Reference: air quality index by year: http://www.laalmanac.com/environment/ev01b.php

Wonderdonkey | 9 years ago | on: Romania dictionary altered to thwart exam cheats

Cheating is such a fluid concept anyway, and it's inconsistently applied. Some schools will suspend students for using calculators on a math test; some force students to bring calculators to their tests. Some give out the questions before a test, while others expel students for distributing test questions. Some require students to collaborate or use online sources; some forbid it. It's arbitrary.

Punishment for cheating also presumes the validity of 20th century-style academic testing, which is debatable.

What is the purpose? To ensure I'm qualified for a job? A job where I am free to look up words in a dictionary whenever I want?

I'd also add this: The internet is developing quickly into a literal extension of the human mind. I don't think it will be all that long before we're connected much more intimately to the internet than we are right now with just our eyeballs and fingertips. And that means we need to reevaluate what it means to learn information versus to find information.

Wonderdonkey | 9 years ago | on: Trolling the Entire Internet

I remember a bunch of "X is evil" sites sprouted up at some point. There was even a site that aggregated them.

I did mine when my wife was pregnant with our first daughter back in '96. I had quit smoking cigarettes, and this was one of my outlets. It would be cool if someone could produce an accurate timeline of all the AOL, Geocities, etc. sites. Too bad we only have incomplete snapshots! I wouldn't even now how to start something like that.

Wonderdonkey | 9 years ago | on: Trolling the Entire Internet

Easily 9.9 out of 10 people won't get sardonicism. My contribution was the Evil of Pippi Longstocking site, which aimed to prove that Pippi Longstocking is the devil. (Anybody remember the '90s?)

The Daily Show, which thought I was serious, invited me to do an interview with Mo Rocca. (They were disappointed to learn the site was a joke.)

I earned a headline in Sweden, and in the story Astrid Lindgren lamented being misunderstood (ha!).

The hate mail (and some fan mail) from Sweden was precious. I later added a section on the site called "Swedemail." You'd think that would tip people off, but nope.

Anyhoo, AOL took it down eventually. But it's still on archive.org, thankfully. Here's a later snapshot with the Swedemail section (complete with Barnes & Noble affiliate ads!) if anyone's interested. http://web.archive.org/web/20021017095408/http://members.aol...

Wonderdonkey | 9 years ago | on: Password Rules Are Bullshit

Side topic: As an end user, the worst for me software that only tells you what's wrong with your password AFTER you've done it wrong, and then only tells you one thing at a time even when you've made multiple errors (dictionary word, password too short, needs one capital letter, needs one number...). Just tell me the damn rules and let me get on with my life!
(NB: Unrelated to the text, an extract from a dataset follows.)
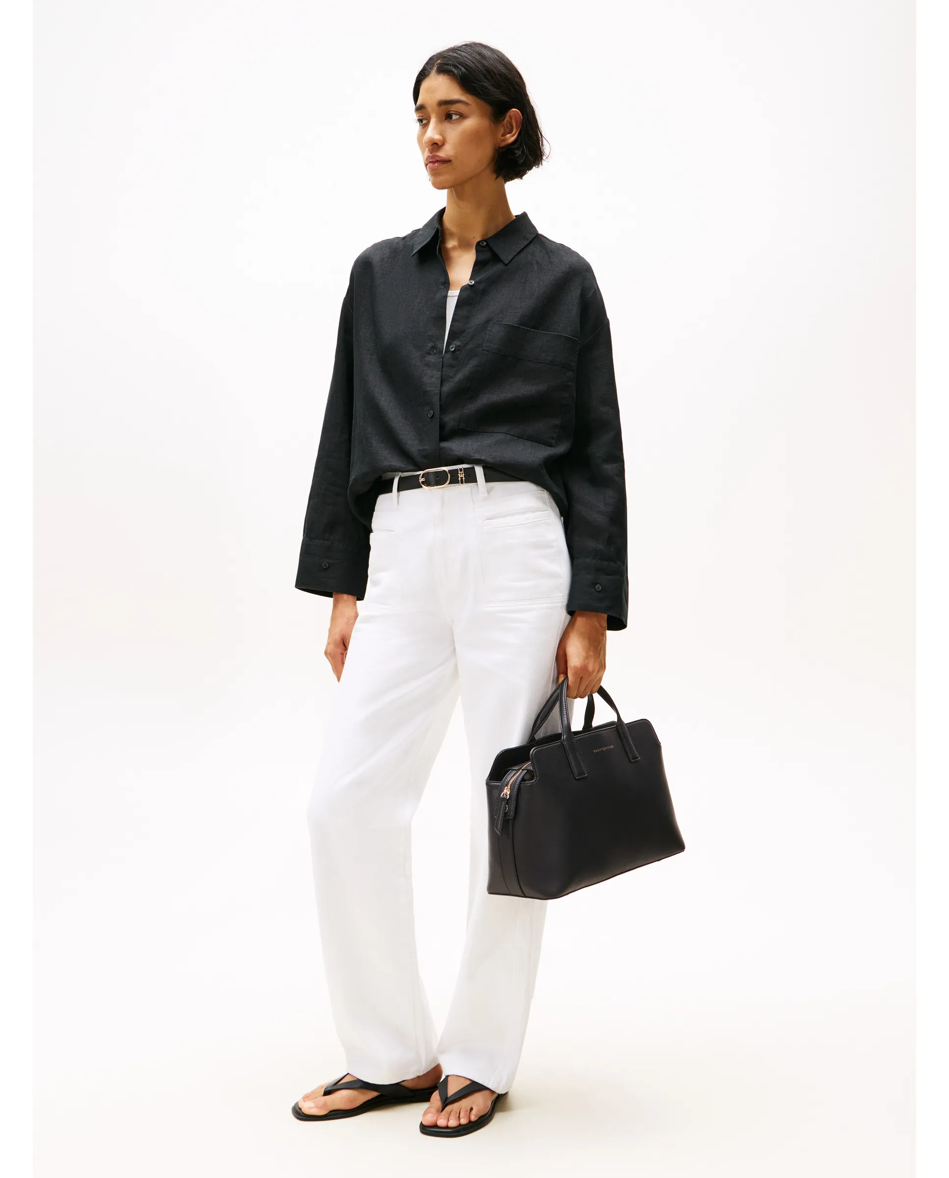 Сумка-слинг для женщин, выполненная из экокожи черного цвета. Дизайн с регулируемым плечевым ремнем и застежкой на молнии. Деталь с логотипом Tommy Hilfiger на передней части.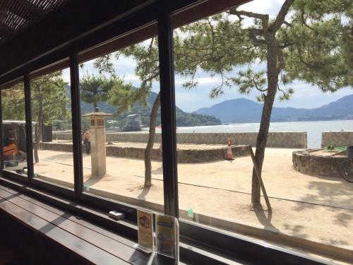 これから厳島散策をする人や散策を終えて帰りのフェリーに向かう人、自転車をこぐ地元の人の姿や歩く鹿等、宮島ならではの光景も見ることができます。風が心地よく、時間の許す限りこちらでぼーっと過ごしたい程、居心地が良いですよ。

Wonderdonkey | 9 years ago | on: To fix L.A.'s traffic, we need tolls

The trouble is the only thing our state and cities ever do is widen freeways, and that never works. The core of the problem is traffic management, which technology can solve without added tolls. (It's the same with city streets. There is absolutely no reason in 2017 why we should ever hit more than one or two red lights in intra-city travel.) It's just that the state and city governments seeem truly oblivious to any new ways of thinking about the problem.

Tolls are regressive and will have a greater impact on poor people who have to commute to work. Second, public infrastructure is paid for by by both taxes and use fees/licenses/fines. That's a bit different from a utility. If the feds and state gave me back the money for the roads I've already built, I'd be fine switching to a pay-as-you-go model. Another consideration: This state is already funneling too many public funds to private toll road operators — to the tune of billions of dollars. I'd really hate to see more of my money go to people who are already charging the public way too much for setting up booths on the roads I paid for and charging me to drive on them.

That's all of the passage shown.